6 Common Mistakes All First-Time Property Investors Should Avoid

Real estate investments, such as apartments, villas, townships, etc., have excellent financial prospects. There are multiple ways by which a real estate investor can make money. Property can be bought and offered for rent. Some investors invest in an undervalued property and improve it to sell it at a higher price. Some others simply buy a piece of land and expect its price to rise in the near future.

REITs, real estate investment trusts, or crowdfunding for buying tangible assets are newer options by which people can earn profits. However, making money out of selling property is easier said than done, and newcomers often suffer losses. New players do not have a proper plan or the right networks to register a profit. Hence if a newcomer wants to seek expert advice in the field of real estate investment, they can visit the website of Ironfish.

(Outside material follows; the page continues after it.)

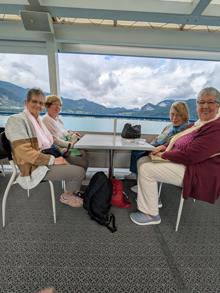 Vor der Abfahrt standen zwei Geburtstagsständchen an; unsere Akkordeonspielerin sorgte dabei für Stimmung. Über Prien setzten wir zur Herreninsel über und ließen uns im Palast Herrenchiemsee vom „Bayerischen Märchenkönig“ Ludwig II. verzaubern. Weiter ging es zur kleineren, stilleren Fraueninsel, deren Klosterkirche und Gärten idyllisch wirkten – bis ein heftiges Sommergewitter losbrach. Wir suchten Unterschlupf im Klosterladen, verkosteten selbstgemachten Klosterlikör und warteten geduldig. Kaum verzogen sich die Wolken, spazierten wir durch vom Regen glitzernde Gassen zurück zum Anleger. Die dramatische Stimmung sorgte für eindrucksvolle Erinnerungsfotos.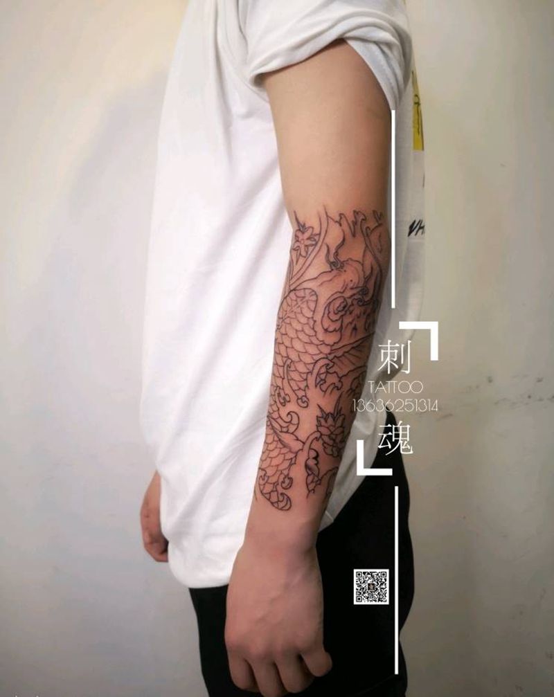 • T网红王老大花腿龙纹身图片_腿部新传统纹身图案

Some Common Mistakes All New Property Investors Should Avoid


Not Having A Well Thought Out Plan

People who are new to a business fail because they do not give adequate time to background research and do not have a plan and proper alternatives. For instance, if an apartment or villa is purchased to rent, then it has to be advertised well in advance. If the house lies vacant for some months, that is equivalent to the income opportunity lost by the house owner.

Again, some people are not aware of the nuances of managing a property, tenants, etc. A rent agreement should be nuanced and clearly demarcate the liabilities of the tenant and homeowner in case of damages or repairs. Also, dealing with tenants is not easy.

Some tenants can be problematic, some create a nuisance for other tenants, and some have no intention of paying the rent. Thus, putting in a reasonable amount of time in research and drafting a proper strategy is crucial before actually buying any assets.

Not Being Aware Of The Finances

Most property transactions involve a downpayment where a part of the cost is paid upfront, and the other half is delivered as an installment. Usually, the down payment amount is 20 to 25%; however, it can be as low as 5% of the asset’s cost. The installments charge interest; however, if the interest rate is lower than the inflation rate, the seller suffers a net loss.

Again buying property involves a large amount of money. If a person does not have proper contact with banks or other credit-giving institutions, they will not be able to buy and sell continuously to make large profits. Thus, being ignorant about one’s own financial capabilities is a significant problem. Ideally, when assessing investment properties for sale, budding investors should go for
multiple low-priced properties.

Not Thinking Long Term


People who are new to the real estate business may see short-term impacts. They may hurriedly buy a property if it is offered at a low price. However, long-term considerations are essential in the real estate business. A homeowner might be willing to sell at a low price because the area’s crime rates are steadily increasing. So looking at a long-term perspective is vital. Before buying a flat or a piece of land, several pertinent questions need to be asked.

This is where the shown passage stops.